So, if I like many things in my job, and I have nothing about which I am passionate in what I do every day, should I quit? And if I quit and search for as long as it takes, will I find the one thing I truly love?

I started feeling much better in my life and work when I stopped telling myself I had a problem because I didn’t really love my job. A accepted that, in fact, liking or even loving some parts of it was better than living perhaps my entire life frustrated because I didn’t find THE thing I was made for, and truly loved 100%.

I sometimes had to remind myself that, yes, I was also working for the money because “all you need is love” is not really all what is needed in this world, and money is kind of a useful tool if you want to live, build a family and take care of those you really LOVE, and allow you some social activities once in a while.

Flow

While this is the reality for me, I am not sad about it. I am even very happy in my life and I think I did and I still do sometimes great work, sometimes not. But I am fine with it. I am curious about many things, I am constantly exploring life, this great gift. I am not limited to this one thing I should love and be the best in the world at.
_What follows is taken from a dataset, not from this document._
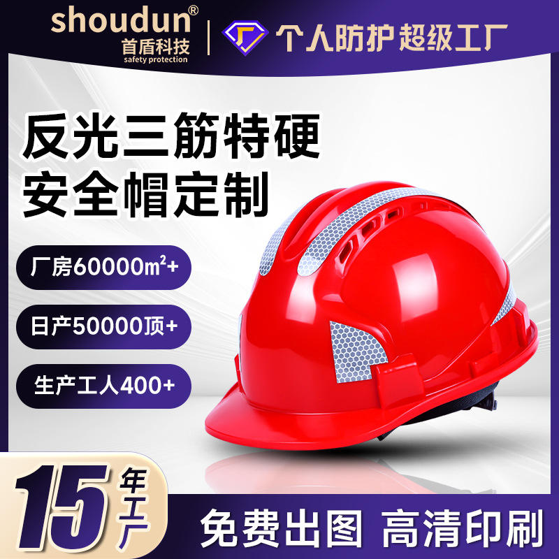 Casque de sécurité First Shield rouge réfléchissant pour chantier, protection de la tête, casque de chantier respirant résistant aux chocs

I can experience the famous “flow state” – concept from the late Mihaly Csikszentmihalyi – when I feel I am well organised, or when I am absorbed by calculations in an Excell file, preparing my business plan or a negotiation. But I am not in love with these calculations, nor with my well organised life.

And you?

What do you think about that? What are your feelings when you think about your job? What puts you in a state of flow, where you don’t see the time passing, you don’t need any break, food or anything?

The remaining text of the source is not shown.